I asked Jarlath about the highlights of his refereeing career and he diplomatically replied “Truthfully every game you go out to referee is a BIG game let that be under 13s through to senior. If you don’t treat it as such you could have problems. If I was to refer to the biggest profile game then I would pick two games played in 1990. They were the Minor football league final Cavan v Armagh played in Ballybay, Co Monaghan and the Ulster minor football championship semi-final, Cavan v Derry in Casement Park. Back then the minor championship was played before the Senior games and that day in Casement there were around 20,000 people. It was just a fantastic atmosphere”

He then added “This may be hard to believe but I also won an Ulster championship and two All-Ireland 7s playing for Antrim referees. We won the Ulster Final, down in Cavan, playing against Cavan.  This was after defeating Monaghan in the earlier round in Casement. We won the All-Ireland 7s two years in a row. They were played on the eve of the All-Ireland football final”.

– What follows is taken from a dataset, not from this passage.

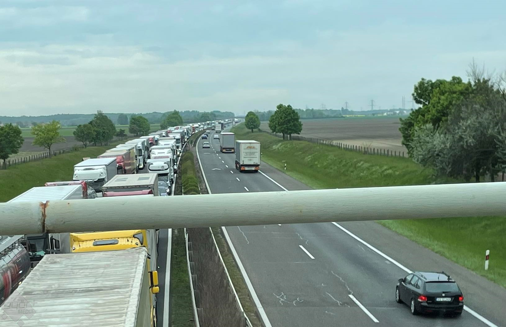 Fenntartási munkát végeznek az M1-es autópálya határ felé vezető oldalán, a Komárom / Kisbér csomópont előtt. A 81-es és 83-as km között a külső sávot lezárták, emiatt a munkaterület mögött torlódik a forgalom.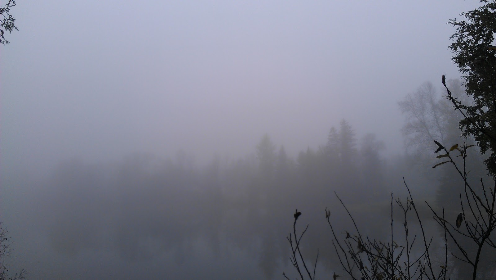 Je me lève. Le ciel est si bas qu’il vient toucher le lac juste en face. Je ne déteste pas. On dirait un voile momentanément baissé sur la vie. Un changement de décor comme au théâtre. Quand il se relèvera, peut-être que les guerres auront cessées. Peut-être qu’il y aura plus d’équité entre les hommes. Peut-être que les famines n’existeront plus.

How has refereeing developed and progressed over the 46 years you have been involved, I asked him and his reply was both interesting and informative “There have been massive changes over the years. When I first started there wasn’t even a referee’s kit. After a couple of years, I was given an Antrim jersey to wear. In the South West the home team was supposed to pay the referee their expenses. Needless to say, after many games that was forgot about. Then a few years later referees’ courses were introduced and they covered fitness and rules. The level of fitness and the pass mark for the rules test has increased over the years and rightly so, because if you were to take the last six years alone, there have been rule changes every year. When I think back to the early days it was not uncommon to find a goal keeper lying at the back of the net and I think of Michael O’Hehir’s commentary where he would say It’s a goal, it’s a goal and he has got man ball and all. Thank God that rule has changed. Other courses referees must cover nowadays are Health & Wellbeing and Child protection courses.  The introduction of the red, yellow and black cards is another major change. Another big development that has happened is the referee’s academy. There now is a progression ladder for young referees. Look at what Sean Laverty of St Ergnats Moneyglass and Colum Cunning of Cuchulains Dunloy have achieved so far. They are two great examples for all young referees to aspire to. Antrim now have a number of referees on the ladder and I wish them every success”

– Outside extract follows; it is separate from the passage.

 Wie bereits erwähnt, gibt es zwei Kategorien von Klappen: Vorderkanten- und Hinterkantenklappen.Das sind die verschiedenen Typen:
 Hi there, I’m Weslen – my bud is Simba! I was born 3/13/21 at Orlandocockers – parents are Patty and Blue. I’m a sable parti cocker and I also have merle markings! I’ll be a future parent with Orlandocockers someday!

“The question was how has refereeing developed over the years well I want to add that refereeing develops the person as well. The referee has to make quick decisions and tough calls. This stands to the referee in many walks of life especially their work place. I found it helped me greatly during my working career” 

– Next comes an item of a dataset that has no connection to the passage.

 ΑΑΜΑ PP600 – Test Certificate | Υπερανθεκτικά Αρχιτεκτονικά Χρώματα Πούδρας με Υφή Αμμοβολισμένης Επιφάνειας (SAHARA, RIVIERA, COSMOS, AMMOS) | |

I then asked Jarlath about the low points-hairy moments during his career and he diplomatically answered “There are not too many low points to recall. However sometimes going out to referee a game (especially those agreed at very short notice) and then taking abuse makes you think – why am I doing this? But on the flip side, an enjoyable game makes it all worthwhile. Of all the games I have refereed there are only a handful I would wish to forget” He continued “I read in a paper that during the course of an Intercounty game a referee may have to make up to 1000 decision so it is not humanly possible to get them all correct so players mentors and spectators should show more restraint” I heartily agree with his comments.

As our conversation progressed I asked Jarlath about the many committees he has served on over the years. “As I said earlier, in my young days I loved all the GAA had to offer so at age eighteen I became Con Magee’s Glenravel Club Secretary.  During part of that period I was also South West secretary. When I stepped down from the South West Board I became the North Antrim Secretary for a few years. For the past four years I was back on the North Antrim Board as Fixtures Secretary, but I retired from that at the 2020 convention”

I went on to ask. “Refereeing, I’m sure has been a rewarding career and you have given sterling service to the GAA.  Do you see yourself continuing in some capacity, perhaps as a refereeing mentor or an assessor?

“No not for the moment, at my age, I want to do things in my own time without restrictions” 

Intrigued by our conversation to date I posed the question “Tell me about the referees you have worked with and the people you have met and become friends with over your refereeing career and how they may have influenced that career?

“I will start with two referees within my own Club who had a big influence on me. They are Jimmy Brown RIP and Sean Higgins. Jimmy helped me in my early days as did Sean. Sean was greatly respected not only in Antrim, but also throughout Ulster. They were Con Magee’s Glenravel senior referees when I started. I must also mention my fellow clubman Aidan Higgins who was on the Ulster referees’ panel at the same time as myself.  I felt very proud to be a Con Magee’s Glenravel member on the days when both Aidan and myself were out refereeing Ulster games at the same time. Aidan had great success covering both Ulster and National games. Within Antrim I must mention referees like Hugh McPoland, John Gough, Gerry McClory, Ray Graffin and Terry Cormican, to name but a few. I would also have got constructive advice from Sean McGourty of St Galls. Now I only accepted that advice as long as I wasn’t refereeing a St Galls game”

“I also want to thank the current Antrim, South West and North Antrim referees’ committees for all their help. They have been of great assistance to me and the work they do within the Antrim County has to be applauded”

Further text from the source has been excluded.